Then you need to look for military careers at Forces.ca

Many of these careers allow you to apply with sometimes as little as Grade 10 education, all your training is provided and you are even paid to do so. Some trades require higher level of education, either grade 12 or some college.

These military careers require contractual service periods usually around 3-5 years.


----------



## da1root (30 Apr 2017)

If you would like to work as a civilian within the Department of National Defence, hiring is controlled:
1. Visit http://jobs-emplois.gc.ca and; 
2. Through a Civilian Contracting Company, which at the moment is Calian Services (https://www.calian.com)

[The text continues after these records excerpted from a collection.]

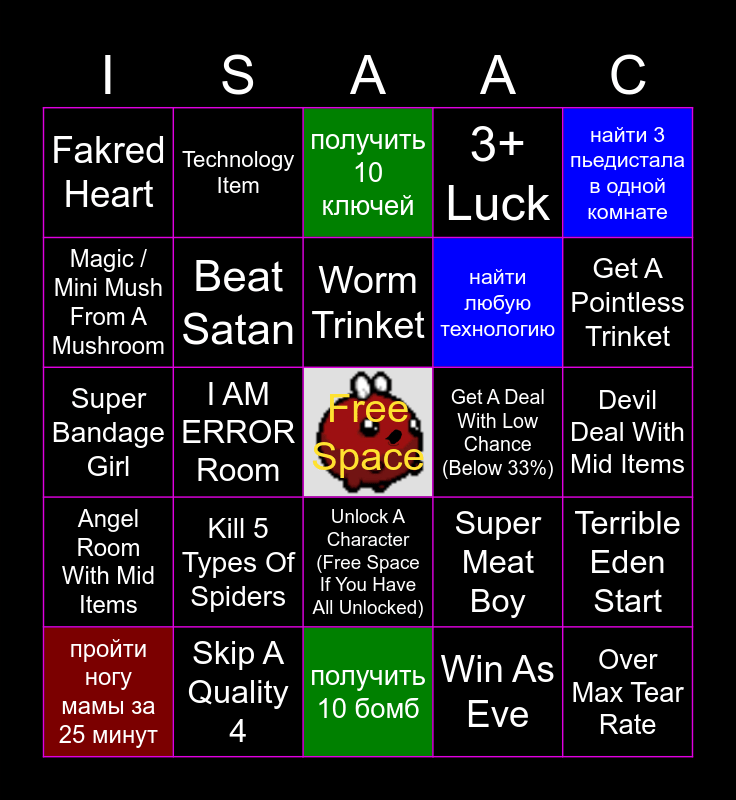 This bingo card has a free space and 94 words: получить 20 монет, получить тир 4 предмет, получить 10 бомб, убить ногу мамы, получить 7 контейнеров сердец, поднять 7 монет в одной комнате, сделать 2 сделки с дьяволом, пройти ногу мамы за 25 минут, найти библиотеку, получить 4 бейбика (фамилиара), достигнуть 7 урон, достигнуть отрицательной удачи, найти 4 секркетки, найти любую технологию, получить полет, найти 3 пьедистала в одной комнате, получить 10 ключей, достигнуть удачи 3, купить 4 предмета в одном магазине, пройти босс челлендж, возродится, найти 2 тир 4 предмета, найти 40 монет, убить 5 пауков в одной комнате, Kill 5 Types Of Spiders, Beat Satan, Beat Isaac, Donate 25 Coins To Donation Machine, Buy 3 Things From A Shop, Beat A Gurdy Related Boss, Skip A Quality 4, Unlock A Character (Free Space If You Have All Unlocked), Brimstone, Sacred Heart, Technology Item, Melee Item (Spirit Sword, Mom’s Knife), Active Item In Treasure Room, Trinket With 8+ Letters, Worm Trinket, Super Meat Boy, Super Bandage Girl, Angel Room With Mid Items, Devil Deal With Mid Items, Boss Beaten In Under A Minute, Over Max Tear Rate, Win as Judas, Win As Isaac, Win As Magdalene, Win As Cain, Win As Lilith, Win As Azazel, Win As Eve, Win As Samson, Win With No Red Heart Containers, Sin Miniboss, Low Weight Room, Pay Out A Blood Donation Machine, 3 Defensive Items, Start With Insane Items As Eden, Gold Pickup, I AM ERROR Room, Free Bookworm In Libary (3+ Books), 3 Curses In A Run, Win With An Easter Egg Seed Active, 2+ Champion Enemies In A Room, Polyphemus, Kill 2 Angels, Beat Mom, Magic / Mini Mush From A Mushroom, CHAOS!!!, Secret Room Is Pointless, Crawlspace, Double Trouble, Lucky Penny, 3+ Luck, Get A Pointless Item (PHD As Cain, Etc.), Quality 0, Get A Pointless Trinket, Terrible Eden Start, Quality 3, Ghost Boss Shows Up, Bedroom, Dice Room, Get A Deal With Low Chance (Below 33%), Fakred Heart, Commit To Devil Rooms, Commit To Angel Rooms, Boss Item Sucks, Too Many HP Ups, Perfection Trinket, Planetarium, Awful Active Item, Jam A Dono Machine and Find A Syringe.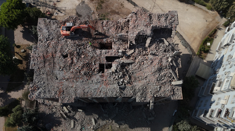 Adana’da 33 yıllık metruk bina, damına iş makinesi çıkartılarak yıkılıyor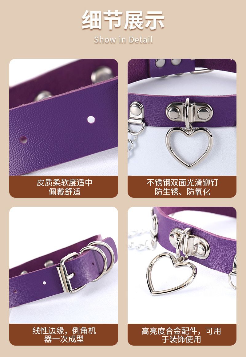 I Love My Best Friend Fang Yiyi Wang Xiaochen's Same Necklace European and American Style Punk Heart-Shaped Lock Leather Collar Neck Strap Wholesale
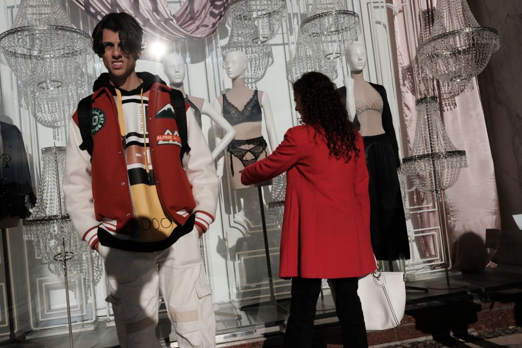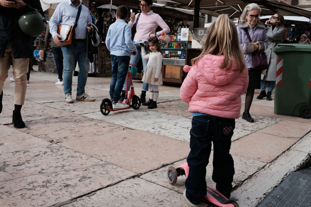 Girl meets girl at Piazza delle Erbe in Verona, Italy.

If you would like to work as a uniformed member with the Canadian Armed Forces
1. Visit http://www.forces.ca
2. Click on your Language of Preference;
3. Click on "Apply Now" on the left side of the page;
4. Click through each "Step" so that you gain knowledge on the recruiting process;
5. Click on the "Apply Now" tab; and
6. Click on the "Login and start application" button (please note this will take you to another website).

Cheers


----------



## da1root (1 May 2017)

To add to the contracting companies (thank you Occam for providing me this well detailed information)
---------------------------------------------------------
Weir Marine - https://www.global.weir/businesses/weir-marine-engineering-(nete) - operates Naval Engineering Test Establishment (NETE), based in Montreal but has offices on both coasts within the dockyards.  NETE provides a wide range of technical services to DND.  For example, all the equipment we plan on putting on the ships has to be subjected to "shake and bake" testing (shock, vibration and environmental).  They're embedded contractors, both at DGMEPM in Ottawa and at the Fleet Maintenance Facilities on the coasts.

Valcom Consulting - https://valcom.ca/ - they're mostly headhunters; they provide a lot of contractor support in the ADM(IM) and ADM(Mat) groups.  When I was at 76 Comm Gp in Ottawa, there were dozens of 2nd and 3rd line tech support contractors on the DWAN and CSNI networks.  Valcom also provides some specialized engineering people in ADM(Mat), where I'm at now - mostly support to LCMMs and Project Managers.  We have a couple of former CF techs in our section that are contractors from Valcom.  Valcom also has a support contract to issue our RFQs and collate responses from industry for all our procurements under $25K at DGMEPM - not sure who the Army and Air Force use.  Valcom has a bunch of positions advertised with DND right now.

Fleetway - http://www.fleetway.ca/ - Fleetway may not be an embedded contractor, I'm unsure if they have any embedded positions on the coasts.  Fleetway is the Navy's Technical Data Management provider.  They produce, update and track the Technical Data Packages for every system on the HALIFAX Class ships.  If I remove a system from the ships, and replace it with another, Fleetway updates the drawings, cable run sheets, data lists, reference publication data, etc.  They are also tasked to draft Engineering Change specifications to install/change/remove systems from the ships.  They have @fleetway.ca e-mail addresses, or at least the ones I know do.  Fleetway has a bunch of jobs advertised right now that are targeted (mostly) to former sailors.  Fleetway is a subsidiary of Irving Shipbuilding, who will be building the AOPS and CSC classes of ship.

SNC Lavalin - http://www.snclavalin.com/en/infrastructure - SNC Lavalin is the In Service Support Contractor for the KINGSTON class ships.  Their engineers and technicians carry out most of the maintenance on that class, as well as maintain the TDP like Fleetway does above.  I wouldn't call them embedded contractors, as I believe they have @snclavalin.ca e-mail addresses, but they do have offices within the dockyards east and west as, well, they're the ones doing the maintenance on the MCDVs.  SNC Lavalin also has contracts to maintain aeronautical navigation aids at several DND airfields across Canada - Gander I think is one, Moose Jaw as well if I remember correctly.  No ATIS Techs at those airfields.


----------